## Exercise requirements
I would like the records restated word for word, without the pictures.

## Input for this task

· · · · · · ·

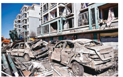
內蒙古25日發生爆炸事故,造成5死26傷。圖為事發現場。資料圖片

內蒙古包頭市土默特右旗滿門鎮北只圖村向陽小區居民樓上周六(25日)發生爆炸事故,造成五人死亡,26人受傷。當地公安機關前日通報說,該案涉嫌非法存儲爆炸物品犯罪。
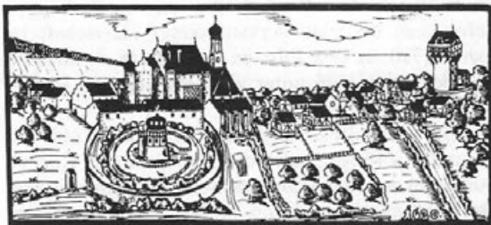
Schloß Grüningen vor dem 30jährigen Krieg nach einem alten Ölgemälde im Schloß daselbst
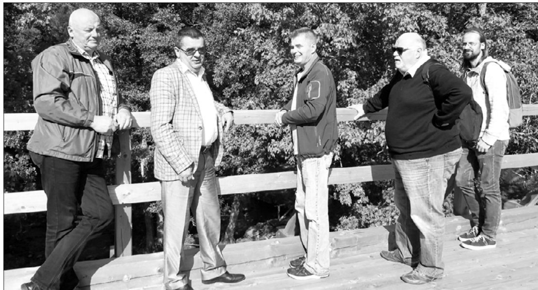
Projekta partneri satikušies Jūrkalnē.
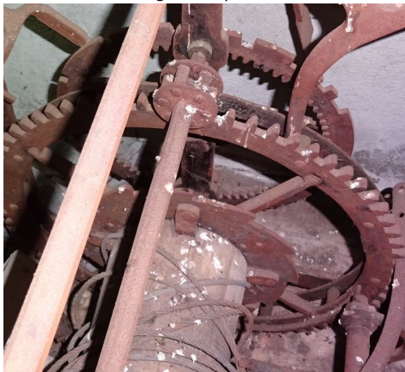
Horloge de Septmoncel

· · · · · · ·

## Answer to this exercise
內蒙古25日發生爆炸事故,造成5死26傷。圖為事發現場。資料圖片

內蒙古包頭市土默特右旗滿門鎮北只圖村向陽小區居民樓上周六(25日)發生爆炸事故,造成五人死亡,26人受傷。當地公安機關前日通報說,該案涉嫌非法存儲爆炸物品犯罪。
Schloß Grüningen vor dem 30jährigen Krieg nach einem alten Ölgemälde im Schloß daselbst
Projekta partneri satikušies Jūrkalnē.
Horloge de Septmoncel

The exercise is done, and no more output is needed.